Over-reaction and Valuable Lessons from the Gmail Fail
There was a lot written in the past few days about the service interruptions with Gmail, so let me add my two cents. In my mind there was a significant over-reaction to the Gmail Fail, mostly by people who for some reason or another are anti-SaaS or anti-Cloud. I wish someone would do some sort of psychological analysis of that crowd (are they contrarians, do they fear the impact to their own jobs, uniformed), but that’s not going to be the topic of this post. While many people made like Chicken Little, I think that most drew the wrong conclusions. I look at it like this:
- Gmail isn’t just personal mail: It highlighted how many people are using Gmail for what they consider business-level communication, not just personal email. With some what I’ve seen regarding Google Wave, this could be a very interesting development and something I’m sure the folks in Redmond are concerned about.
- There is Value in ‘Commercial-Grade’ Release Processes: There is a flawed theory used in much of the online application world which believes that being in perpetual beta is OK. It’s not. I understand the desire to get new products and features out to market right away, but letting your users be your testing team — unless it’s a structured beta — is not the right thing to do. Software companies need to test their products appropriately before releasing it to clients. There is value to a ‘commercial-grade’ release process. And it’s not like a structured release process means slow time to market. Agile development methods support rapid releases and are pretty mainstream these days. Speed does not excuse sloppiness.
- SaaS and the Cloud Require a Systems Engineering Perspective. Architecture and application design – not just testing – for performance, scalability, reliability and availability is critical. And note that people always talk about PSR testing, not the “A” for availability, which in and of itself is a big miss in thinking about designing and developing systems that are meant to be used by large user communities in unpredictable ways. But it runs deeper than that. SaaS requires a systems engineering perspective. It’s not just the software that gets developed it’s how we think about how that software interacts with the underlying infrastructure and how together they deal with internal and external threats — security vulnerabilities, natural disasters, disaster recovery, etc.
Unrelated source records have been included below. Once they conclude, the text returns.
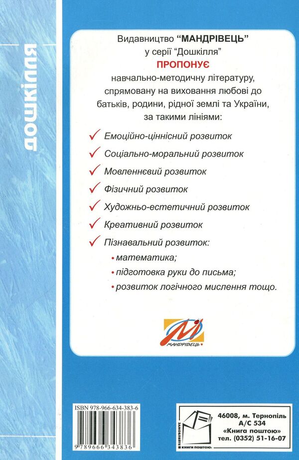Для педагогів, батьків, студентів педагогічних навчальних закладів, усіх тих, хто дбає про розвиток наймолодших.SPECIFICATIONS: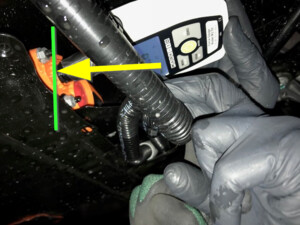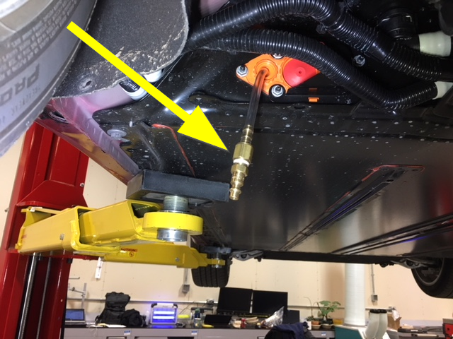 - 打开入口阀,然后从 LH 高压电池柱总成中的泄漏测试适配器中断开电池组外壳泄漏测试仪。
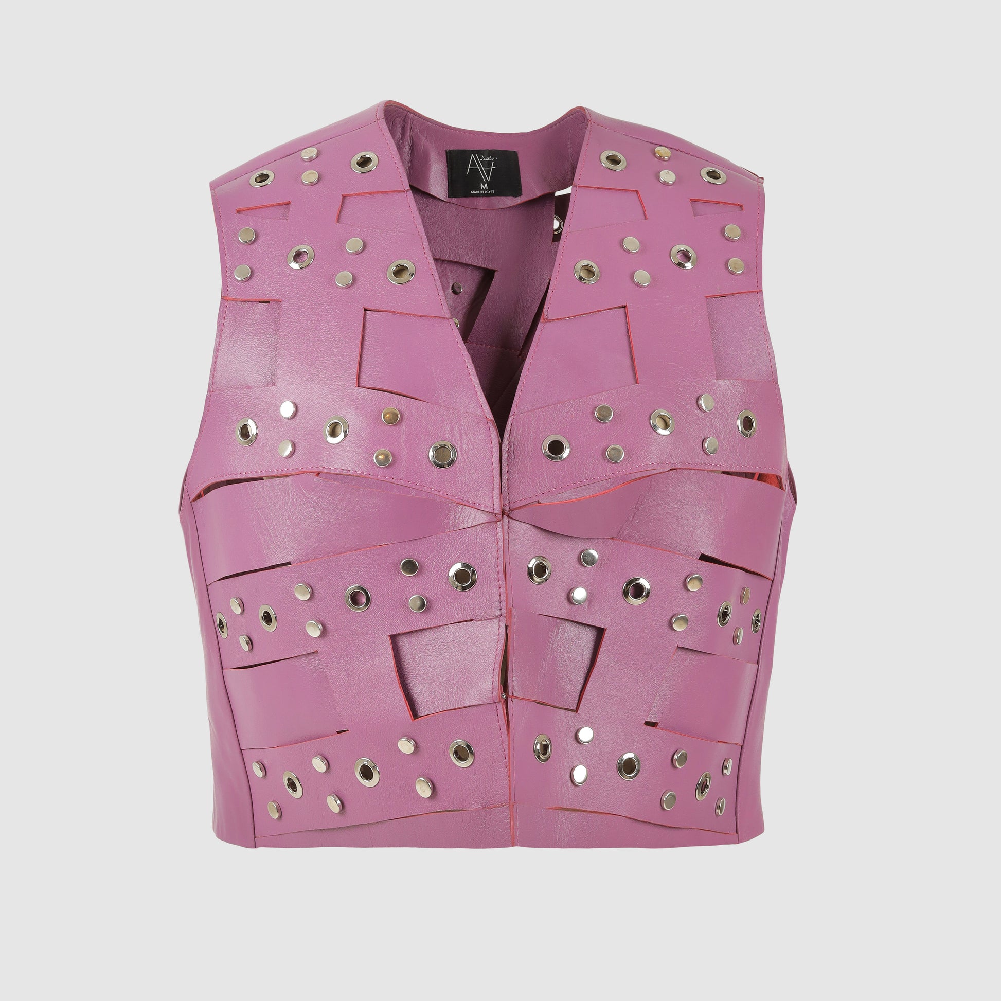 The Aiden vest is a cropped fit vest, it features linear cutouts embelished with studs and eyelets were it makes the perfect balance between edgy style and elegance.

Lastly, some of the people I discussed this with have argued that SaaS or Cloud is a good backup to traditional software systems. It’s not. SaaS is a choice…and an alternative to other on-premise software. But you don’t choose an Email or CRM or ERP system as a backup to a separate primary system. Of all the issues around SaaS, integration is perhaps the biggest. So who’s going to take on all those headaches for a something they plan to never use? Nobody.

No comments yet.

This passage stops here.